After learning about the fundamentals of US hip-hop, identifying with its spirit of rebellion, these kids saw rap as a way of channelling their own alienation and rage. Then came the realisation among these early gully rappers that rhyming in their own local languages would have a far greater impact.
“People can relate to the dialect,” says Mawali, who recently guested on a track by acclaimed US-born, India-raised, London-based musician Sarathy Korwar. “Words like ‘bantai’ [a colloquial greeting similar in tone to 'bro'] for example. Gully rap is about street life. People are able to relate, and they’re slowly understanding the value of political rap, too. They're exploring more things through hip-hop and their knowledge is increasing.” Mawali talks, too, about how gully rap has empowered India's youth, citing a workshop hosted by political UK rapper Akala as an important moment. “Lots of people went, and Akala said, ‘If you know rap, you know poetry, you know writing.’ Whether it’s an essay or a novel or a film script or an advertisement, you can write. There are lots of opportunities. And rap is a platform. Now, if you go to someone and say you’ve written a song, they’ll listen. Earlier, they’d have laughed, made jokes.”
Impoverished areas like Mumbai’s Dharavi, one of Asia’s largest slums, have always been a hotbed of hip-hop, but the mainstream focus on gully rap and stars like DIVINE is helping transform these places. Sameer Inamdar is a young rapper from Dharavi who goes by the pseudonym Rapture and raps about burning socio-political issues. He tells us about the important role played in the area by gully rap pioneers SlumGods and Tony Sebastian, who mentor other young rappers. Hip-hop has, he believes, liberated the youth.

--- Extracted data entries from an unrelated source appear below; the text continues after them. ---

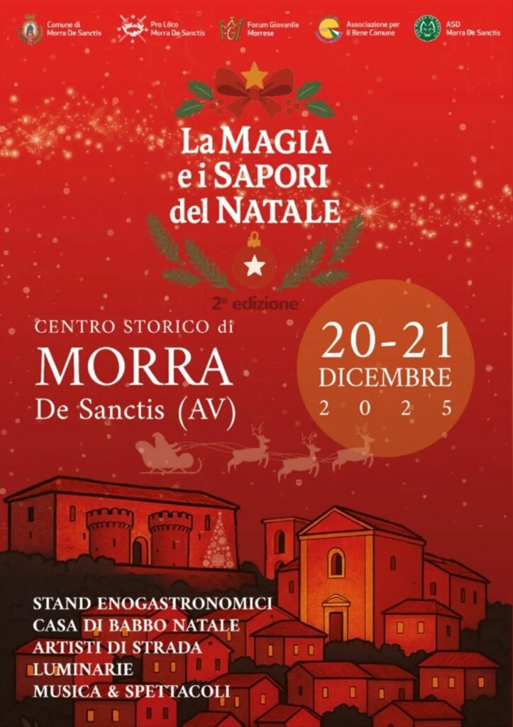 Seconda edizione per la manifestazione ‘La Magia e i Sapori del Natale’ a Morra de Sanctis, in provincia di Avellino. Due giorni in programma il 20 e 21 dicembre 2025 nel centro storico del borgo irpino tra stand enogastronomici, la casa di Babbo Natale, artisti di strada, luminarie, musica e spettacoli.
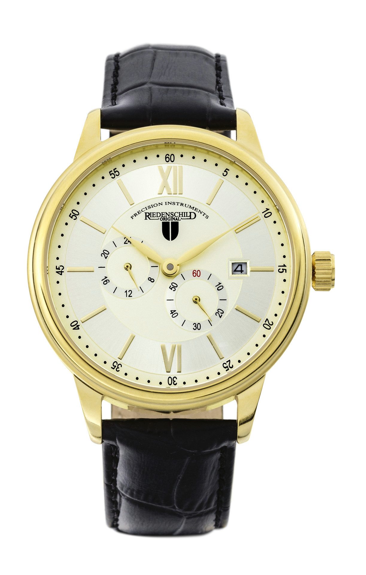 Riedenschild Automatikuhr RS7606-03, 42 mm – Vergoldete Herrenuhr mit braunem Lederband, Klassisch-elegante Automatikuhr mit Sichtboden
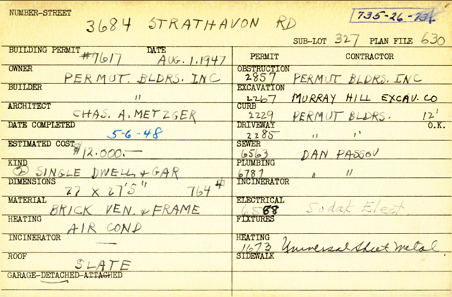 3684 Strathavon Road Shaker Heights, OH 44120 PARCEL ID: 735-26-073 Building Permit Date: 08-01-1947 Plan File Number: 630 all scanned Microfilm Roll: Roll008 Neighborhood: Lomond Owner: Permut Builders Inc. Builder: Permut Builders Inc. Architect: Metzger, Charles A. Estimated Cost: 12000 Date Completed: 05-06-1948 Kind: Single Dwelling and Garage (2) Material: Brick Veneer and Frame Heating: Air Conditioned Roof: Slate Garage: detached |
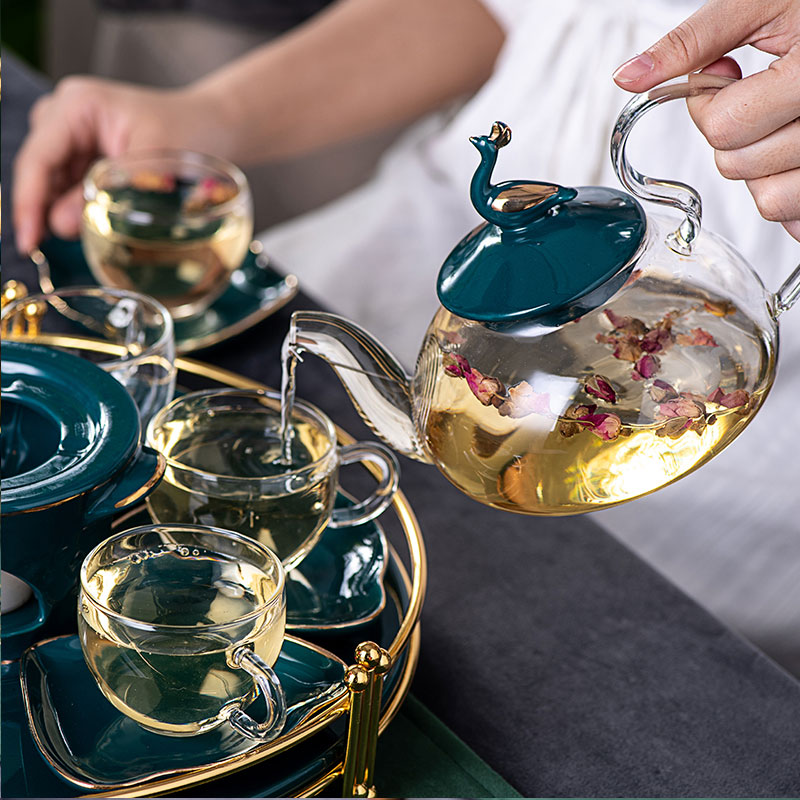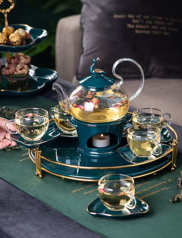 English light luxury glass flower teapot afternoon tea tea set boiled fruit teapot set flower teacup home candle heating
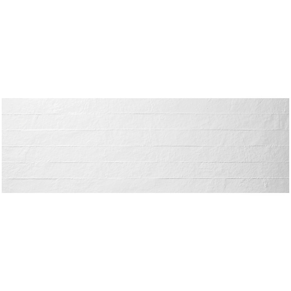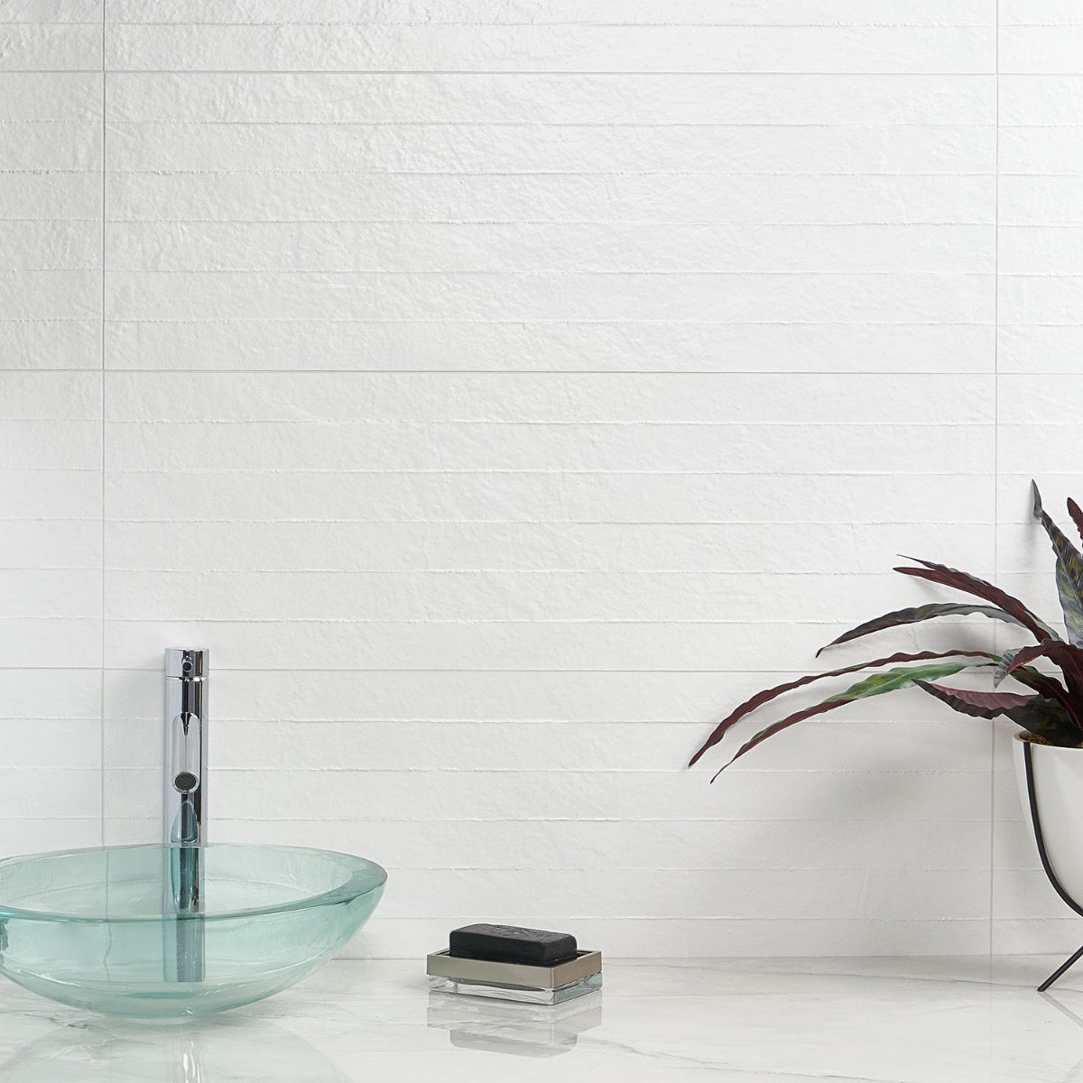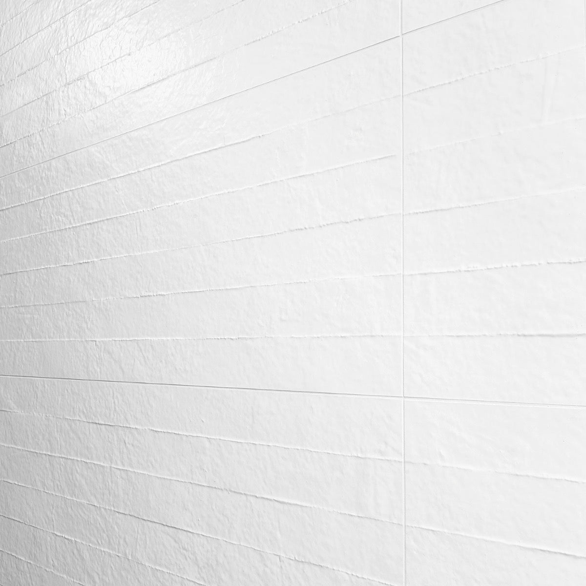 The Angela Harris Walsh Tobruk White Ceramic Tile features a matte finish and a stacked texture pattern, evoking the look of painted brick or concrete. Perfect for residential and commercial wall applications, this tile adds depth and dimension to any space.
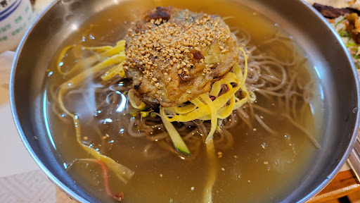 Read more요리명장의 정갈하고 깔끔한 밑반찬 서비스인데도 일품인 맑은 선지 지리탕 1++살살 녹는 한우 살치살과 육회 바싹 익힌 육전이 통으로 올라가는 냉면은 시원하고 면발도 졸깃 탱글 서비스로 내주신 노란 느타리 구이가 예술 제철 업나무순 오가피순과 당귀...
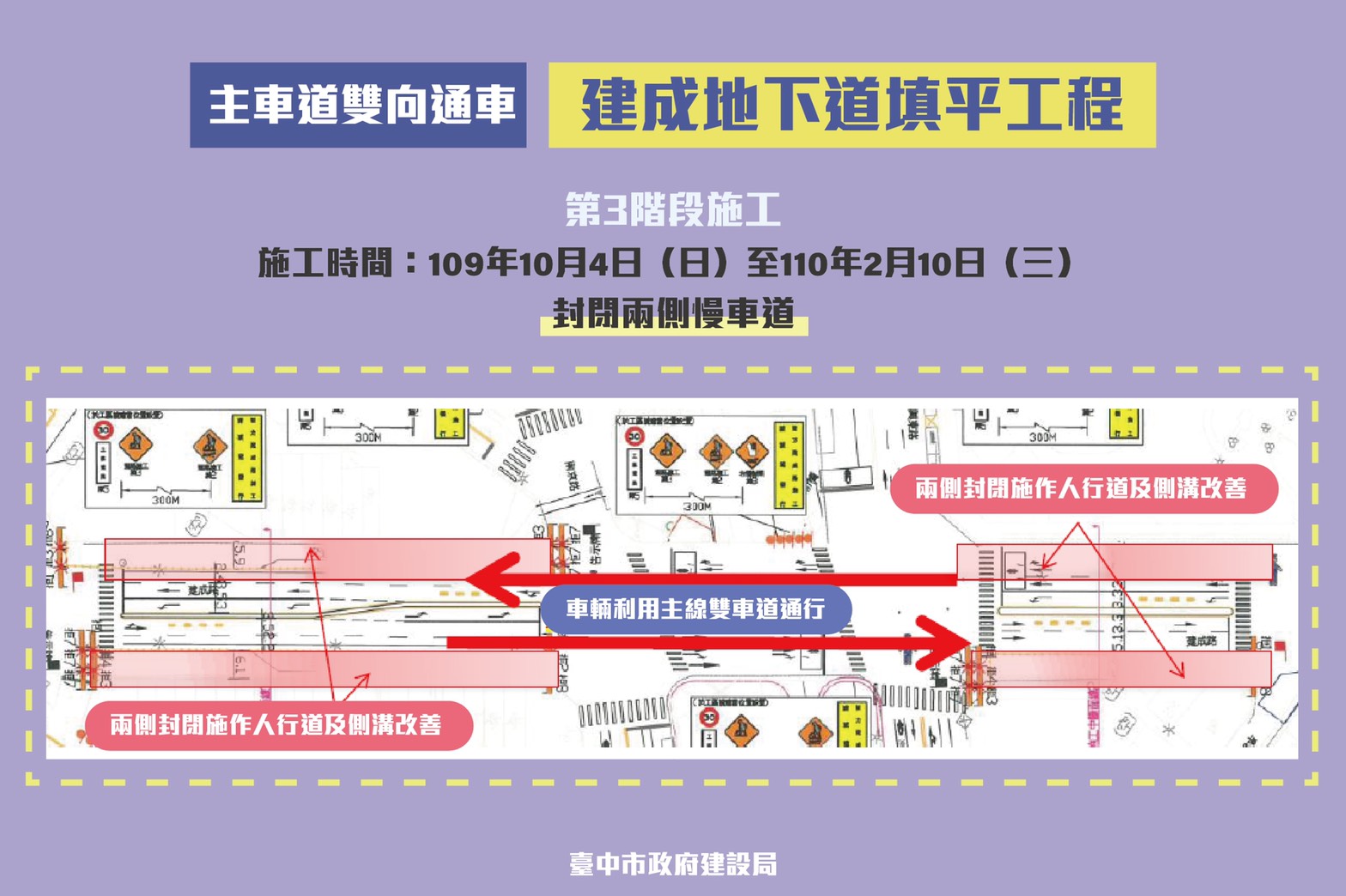 建設局提醒,兩側人行道施作工程將自明日起至明年2日10日進行,請行經建成路地下道的用路人,利用開放的主線雙向車道通行。(10/3*10)*建設局
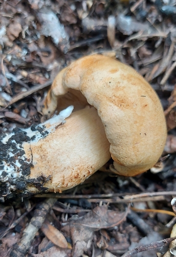 Der Stiel ist weiß-braun. Besondere Merkmale: faserig, Wurzelbasis, genattert.
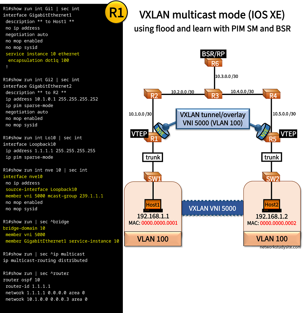R1#show run int Gi1 | sec int interface GigabitEthernet1 description ** to Host1 ** no ip address negotiation auto no mop enabled no mop sysid service instance 10 ethernet encapsulation dot1q 100 ! R1#show run int Gi2 | sec int interface GigabitEthernet2 description ** to R2 ** ip address 10.1.0.1 255.255.255.252 ip pim sparse-mode negotiation auto no mop enabled no mop sysid R1#show run int Lo10 | sec int interface Loopback10 ip address 1.1.1.1 255.255.255.255 ip pim sparse-mode R1#show run int nve 10 | sec int interface nve10 no ip address source-interface Loopback10 member vni 5000 mcast-group 239.1.1.1 no mop enabled no mop sysid R1#show run | sec ^bridge bridge-domain 10 member vni 5000 member GigabitEthernet1 service-instance 10 R1#show run | sec ^ip multicast ip multicast-routing distributed R1#show run | sec ^router router ospf 10 router-id 1.1.1.1 network 1.1.1.1 0.0.0.0 area 0 network 10.1.0.0 0.0.0.3 area 0

“Basically, DIVINE and Naezy’s rise was proof, hope for all the rappers in Mumbai,” says Rapture. “Like: hey bro, we won’t always be underground, people are listening, there is an audience out there, we just have to work hard enough to reach them. Brands are now conscious about rap, record labels are interested…”
Rapture has no time, however, for newer artists who've forgotten the roots of gully rap and the socio-political impact it can have. “Rap comes from rebellion,” he says. “It comes from a place of oppression, rage, emotions and struggles. Some people have started doing it because it’s trendy to rap about your struggles. If want to become a voice, then don’t pretend. But this happens to a lot of movements – they get picked up and the essence fades away.”
Whatever the future holds, though, gully rap is on fire right now. DIVINE is on the cusp of global stardom, while Naezy, after a brief hiatus, has made a comeback. There are new scenes sprouting up all over the country as kids discover the value of their words. Young India has realised that hip-hop is a weapon, a voice for the voiceless.